Effective March 1, 2018, the Plan activated automatic enrollment. Under the automatic enrollment provision, an initial pre-tax deferral contribution of 6% is made for (a) newly eligible employees 30 days after such employee’s date of hire, but no sooner than such employee’s entry date and (b) each eligible employee having a reemployment commencement date on the later of 30 days from the date of rehire or their entry date. Employees are permitted to opt out of automatic enrollment.
The Company may make matching contributions in a discretionary amount determined each year. For the year ended December 31, 2023, matching contributions were made in shares of the Company’s common stock equal to 100% of an eligible participant’s pre-tax elective contributions and Roth elective deferrals up to a maximum of 6% of the participant’s annual eligible compensation, and within limits established by ERISA and the IRC. Matching contributions are made once a year following the Plan year to the participant's account, provided that, the participant is employed by the Company as of the last day of the Plan year or meets any applicable exceptions to continuing eligibility requirements.
Participants’ Accounts
Each participant’s account is credited with the elective contributions made by that participant and the employer matching contributions made by the Company with respect to the participant. The participating employees direct the investment of their elective contributions credited to their account into one or more of the investment choices which have been made available to them. Matching contributions are made in the Company’s common stock but the participants have the option to redirect the investment of the matching contributions credited to their accounts into one or more of the investment choices which have been made available to them. Voting rights are retained by the participants holding the Company’s common stock. Each participant’s account will be credited with its share of the net investment earnings of the funds in which that account is invested. The employees individually enroll in the investment funds of their choice and the investment results directly affect their investment balances. The benefit to which a participant is entitled is the amount that can be provided from the participant’s vested account. The Plan also accepts rollover contributions (i.e., amounts which can be rolled over into a tax qualified plan from another employer’s tax qualified plan).

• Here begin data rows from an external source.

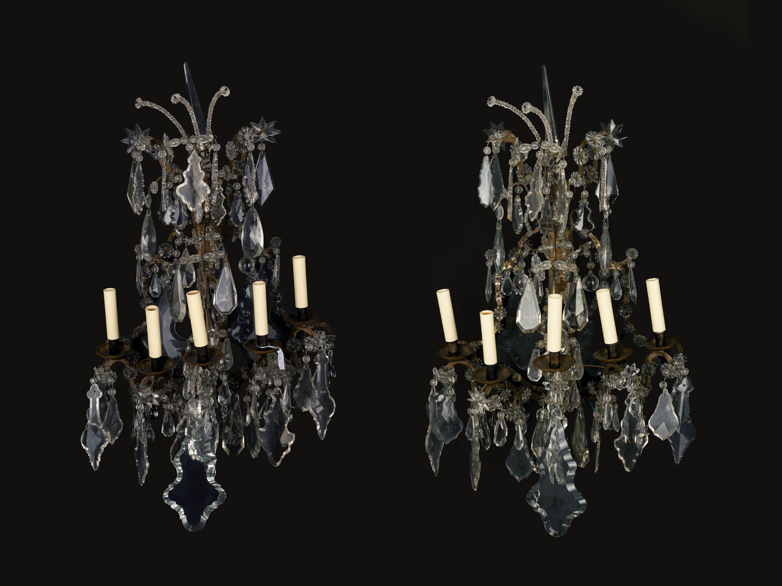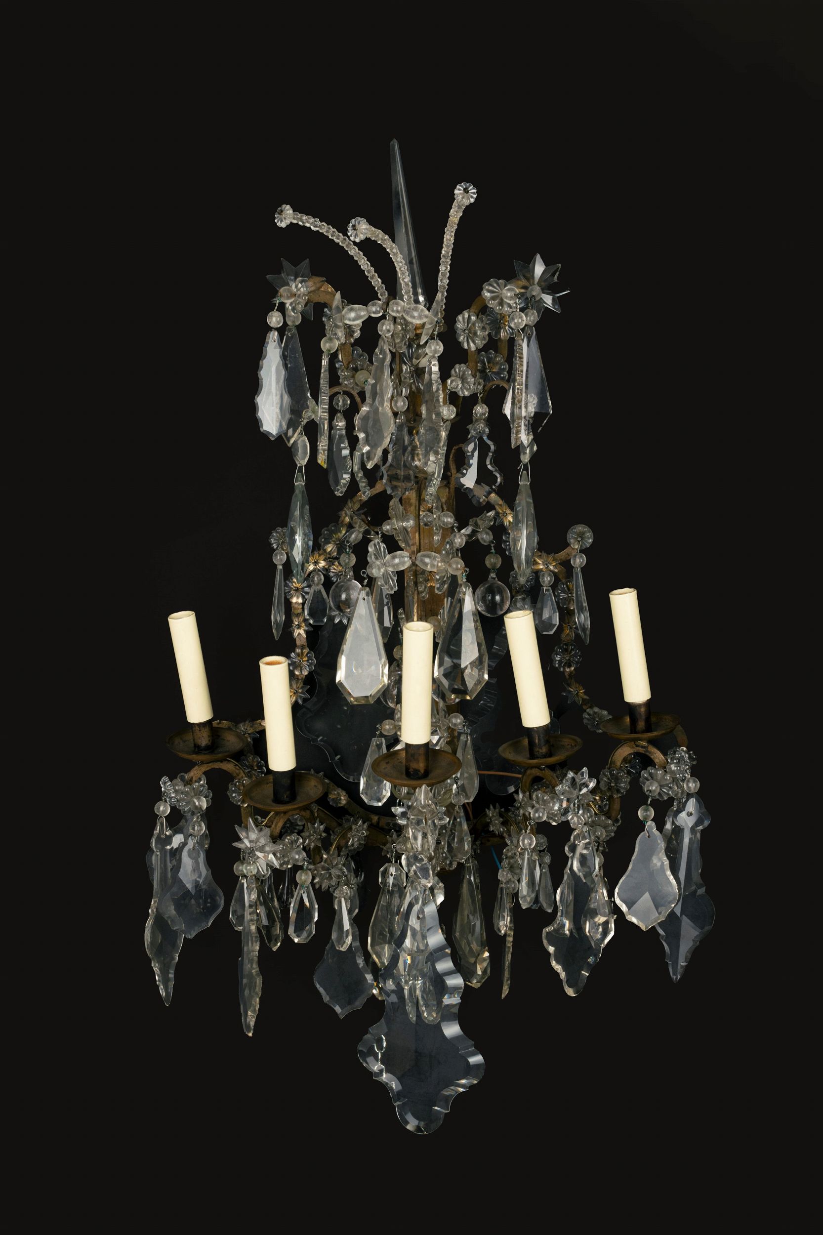 decorati da pendenti in cristallo a gocce sfaccettate, sagomate e fiori, la struttura ornata da due elementi troncopiramidali (mancanze)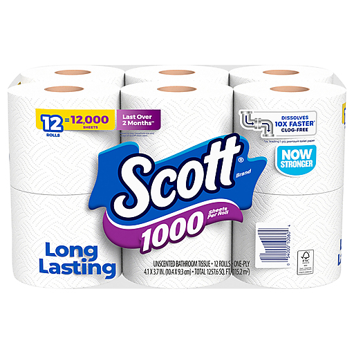 Scott 1000 Toilet Paper helps you spend time on what matters most with fewer roll changes and more value. With Scott 1000 Toilet Paper, you get 12 rolls of 1,000 sheets, so you have plenty of toilet paper for you and your loved ones. Plus, each roll of Scott 1000 bathroom tissue helps you get the job done with 1000 durable 1-layer sheets and lasts longer, dissolves faster* and breaks down 10x faster**. Scott 1000 1-ply toilet paper even dissolves quickly, so it’s kinder to your plumbing, sewer-safe and septic-safe. We’ve been trusted for generations: Scott bathroom tissue is sustainably sourced from responsibly managed forests, features recyclable packaging and is a 100% biodegradable tissue. Keep life rolling by ordering Scott 1000 in bulk online! *vs the leading brand mega roll **vs the leading brand one ply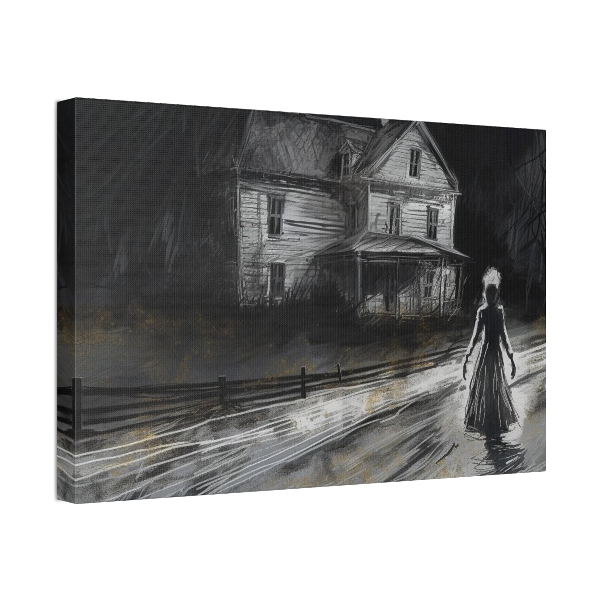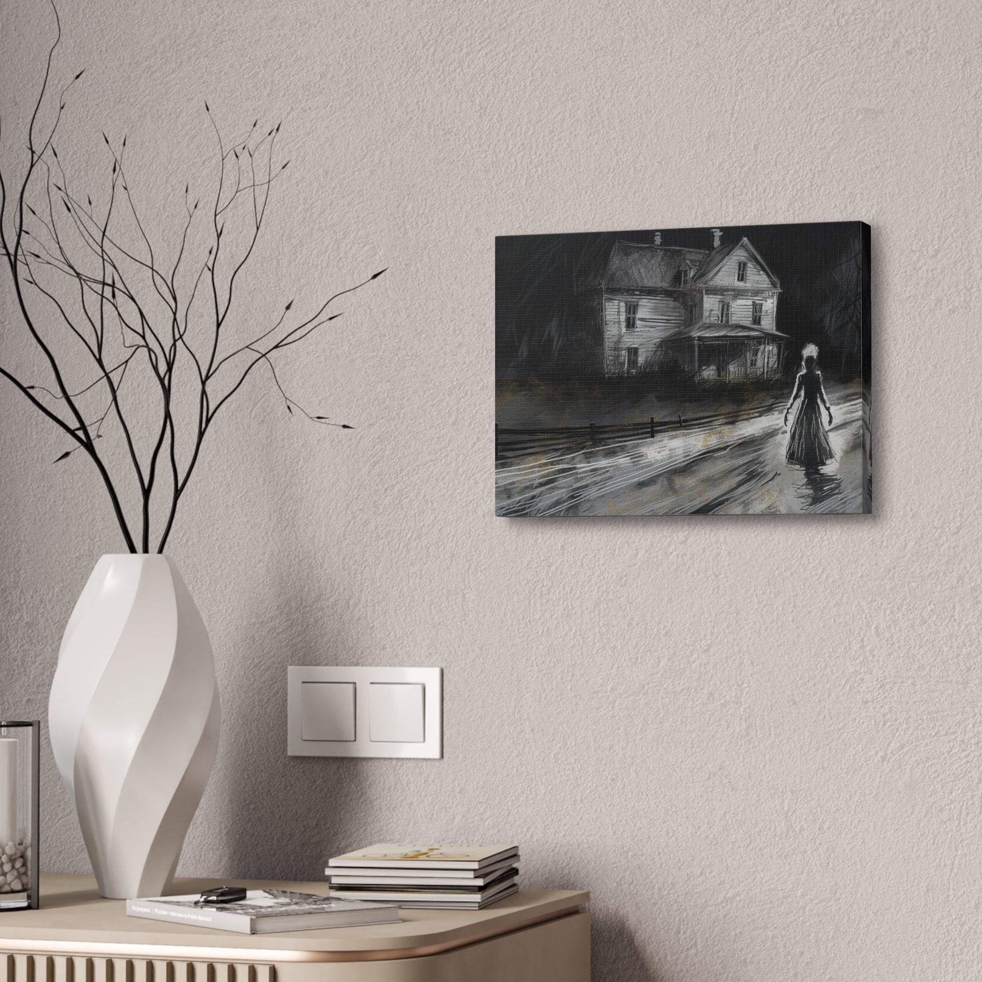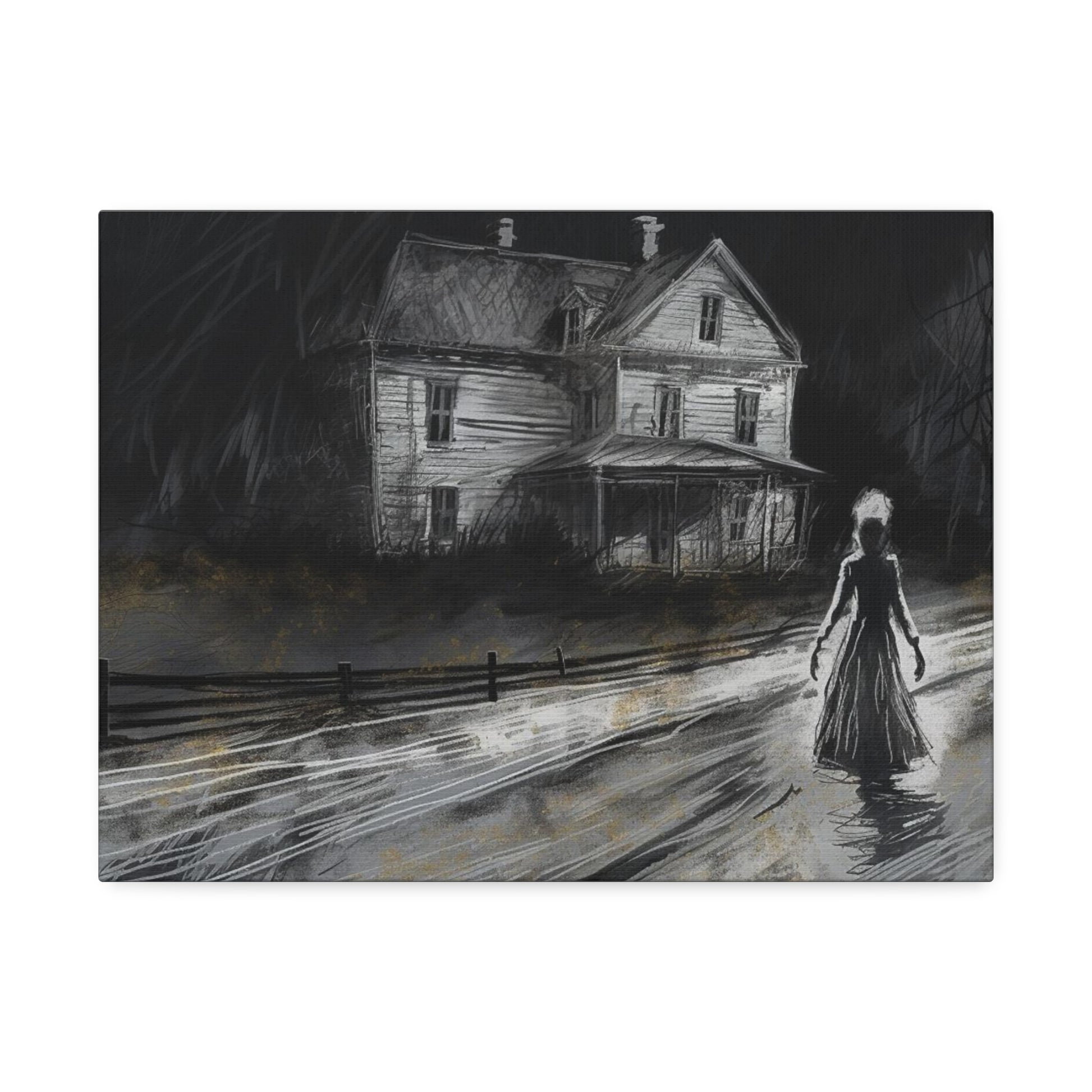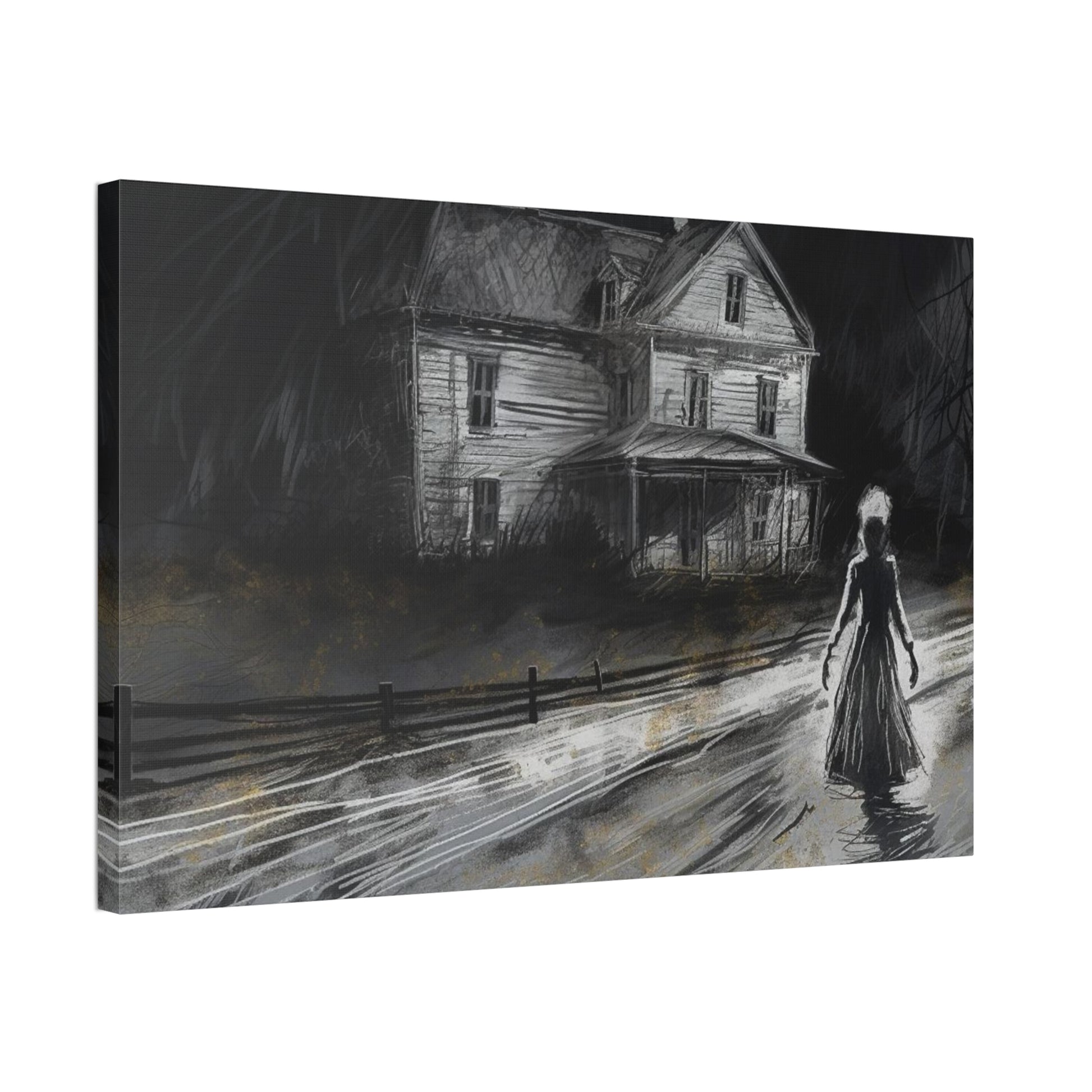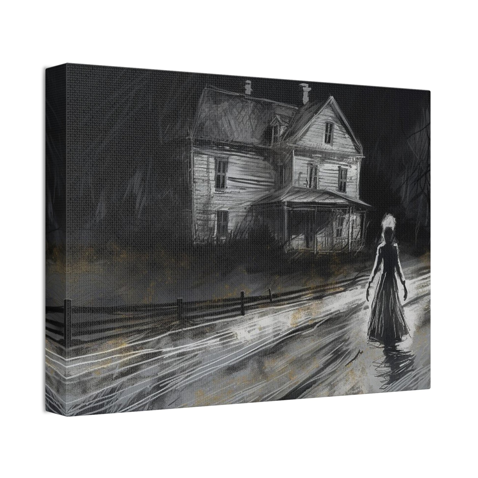 Haunting Charcoal and Pastel Sketch of a slender dark woman on a lonely path by an ominous house: AI generated ominous wall art.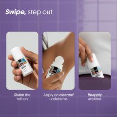 - Step 2: Apply on freshly cleaned underarms, post-shower. Swipe evenly and let the roll on get to work.

Effective May 1, 2023, the Plan provides participants the opportunity to transfer amounts, including earnings, from the vested portion of certain non-Roth accounts under the Plan into a Roth In-Plan Conversion Account. This transfer, called a Roth In-Plan Conversion, converts non-Roth amounts into Roth amounts. Generally, participants may transfer vested amounts, including earnings.
EXACT SCIENCES CORPORATION 401(K) PLAN
NOTES TO FINANCIAL STATEMENTS
Vesting
The portion of a participant’s account attributed to elective contributions, qualified non-elective contributions and rollover contributions is fully vested at all times. Vesting of other amounts (e.g., fully vested rights to the portion of a participant’s account arising from employer matching contributions) occurs after the participant’s period of service reaches one year, except as otherwise provided in the Eligibility, Service and Vesting Addendum for participants whose accounts were merged into the Plan. A period of service is measured from an employee’s employment or reemployment commencement date and ends on an employee’s termination date. Notwithstanding the number of years in an employee’s period of service, a participant is considered fully vested in the event of retirement, death or disability while employed.
Forfeitures
Forfeitures of terminated participants’ non-vested accounts may be used to pay permissible Plan expenses in accordance with the rules under ERISA and the IRC, and any excess may be applied as a reduction to employer matching contributions, discretionary non-elective contributions or profit sharing contributions. Forfeitures occur in any Plan year in which a terminated participant receives the vested portion of his or her account and consequently forfeits the non-vested balance or in which a terminated participant who does not elect to receive distribution incurs a five-year break in service. If a terminated participant resumes employment with the employer within five years subsequent to the termination date, forfeited amounts may be restored to his or her account. For the year ended December 31, 2023, $179,849 was forfeited from participants’ non-vested accounts. In 2023, $117,443 was used from the forfeiture account to pay permissible Plan expenses. As of December 31, 2023, and 2022, $144,292 and $207,821 remained in the forfeiture account, respectively.
Payment of Benefits
Benefits are generally payable following a participant’s termination of employment, death or disability. Benefits are generally payable in a lump sum but may also be paid in installments or through partial withdrawals. Upon demonstration of substantial hardship, and in accordance with specific rules set forth by the Internal Revenue Service (“IRS”) concerning hardship withdrawals, a participant may withdraw elective deferrals, which have not previously been withdrawn, subject to certain limitations.
Administrative Expenses
All of the Plan’s administrative expenses, primarily comprised of the costs related to printing and mailing communications to participants, and audit and legal fees, are paid by the Company to the extent not paid with forfeitures, with the exception of administrative expenses for terminated employees. All investment related expenses are paid by the participants.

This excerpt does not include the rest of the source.